Friday, November 29, 2019

The Martians are coming…


 by Ben Soton

The War of the Worlds (2019). Three-part mini-series on BBC1, from Sunday 17th November, 2019 at 9pm. Also available on BBC iPlayer.
Mini-series written/adapted by Peter Harness from the original story by HG Wells. Stars: Eleanor Tomlinson, Rafe Spall, Robert Carlyle and Rupert Graves.

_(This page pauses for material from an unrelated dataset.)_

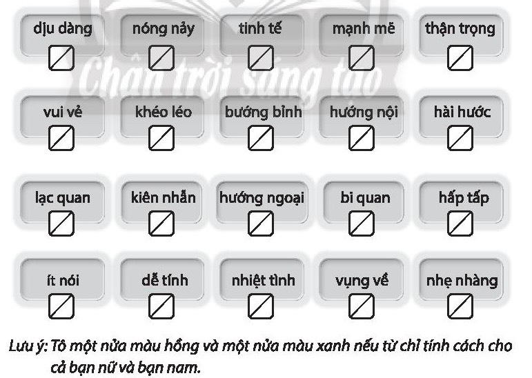 Bài tập 2 trang 15 SBT Hoạt động trải nghiệm 10: Tô màu hồng vào ô ở từ chỉ tính cách em lựa chọn cho bạn nữ và màu xanh vào ô ở từ chỉ tính cách em lựa chọn cho bạn nam dưới đây:

A good way to start the week ahead is a decent Sunday night of television viewing. With this in mind, BBC1’s adaptation of HG Wells’ War of the Worlds is worth watching. First published in 1898, War of the Worlds taps on the then popular belief that Mars was covered by canals built by Martians desperately trying to save their ‘dying’ planet. It was also probably the first book to take on the issue of ‘contact’ with extra-terrestrial life that inspired a tranche of ‘alien invaders’ stories in the years to come.
In this case it’s Martians in tripods blasting late Victorian London and the Home Counties with lasers; parasites intent on using the human race as food. Wells created a blueprint for future sci-fi stories including the Terry Nation’s Daleks, featuring heavily in Dr Who and 20th Century Fox’s Independence Day franchise.
Herbert George Wells was writing during the ‘belle epoque’; the bourgeois ‘golden age’ between the last years of Queen Victoria and the First World War when the British Empire seemed to be supreme. The plunder of empire brought great riches to the ruling class as well as rising class tensions at home, in an era that saw the carve-up of Africa by Britain and the other European powers as well as technological change based on continued scientific development. These events inspired Wells’ novels including The Time Machine and The Island of Dr Moreau.    This War of the Worlds adaptation is, in many ways, an analogy of European imperialist culture and the colonisation of Africa that was taking place when the book was written. Khaki-clad riflemen are ineffective against the tripods with laser-firing death rays and poison gas – like spear-throwing natives against soldiers armed with Gatling guns and a hint at horrors still to come in the 20th century.
Government ministers, used to ruling over an Empire, appear as impotent as tribal chiefs dealing with European invaders whilst the Martians’ desire to consume human beings is a possible reference to the parasitic nature of imperialism. The Martians land on 12th August – the ‘Glorious Twelfth’ which marks the start of the grouse-shooting season and is possibly a reference to the upper-class obsession with shooting at things that can’t shoot back.
This is the first attempt to present the story as a television series. It has seen two film adaptations, made in 1953 and 2005, a spoof send-up in 1996 as well as a musical, and the legendary Orson Welles radio broadcast that led some American listeners believe a Martian invasion was really taking place.
Unlike previous adaptations this television series is set in the Edwardian era, which is much closer to the original story. All three films were set in the USA, with the 1953 version containing a Cold-War anti-communist theme.
It is good to see a classic novel told in its original form, whilst benefiting from the use of CGI to show the destruction caused by the Martian imperialists. The scene showing the destruction of London resembled the Kuwaiti oil-fields after the US-led invasion of 1991.
This mini-series does seriously depart from the book, however. There’s a sub-plot concerning the marital situation of the main characters. Amy (played by Eleanor Tomlinson) and George (played by Rafe Spall) are an unmarried couple, which was considered scandalous in Wells’ day. George had previously been married to his cousin, ironically considered acceptable, who refused to grant him a divorce.
Ostracised from polite society the couple move to Woking, where news of their situation soon twitches a few curtains. This aspect of the story is a critique of the morality of the period and an argument for reform of divorce law. The implicit homosexuality of their neighbour and scientist friend Ogilvy (played by Robert Carlyle), who describes himself as a “well turned out bachelor”, is reference to the draconian treatment of Oscar Wilde who was imprisoned in 1895.
All of this has come under fire from ‘traditionalist’ TV critics, who cannot see that it is pointless simply to retell a story whose ending everybody knows and which ignores the fact that all previous adaptations have also strayed dramatically from the original. Take no notice. If you’re not already watching it catch it now on BBC iPlayer!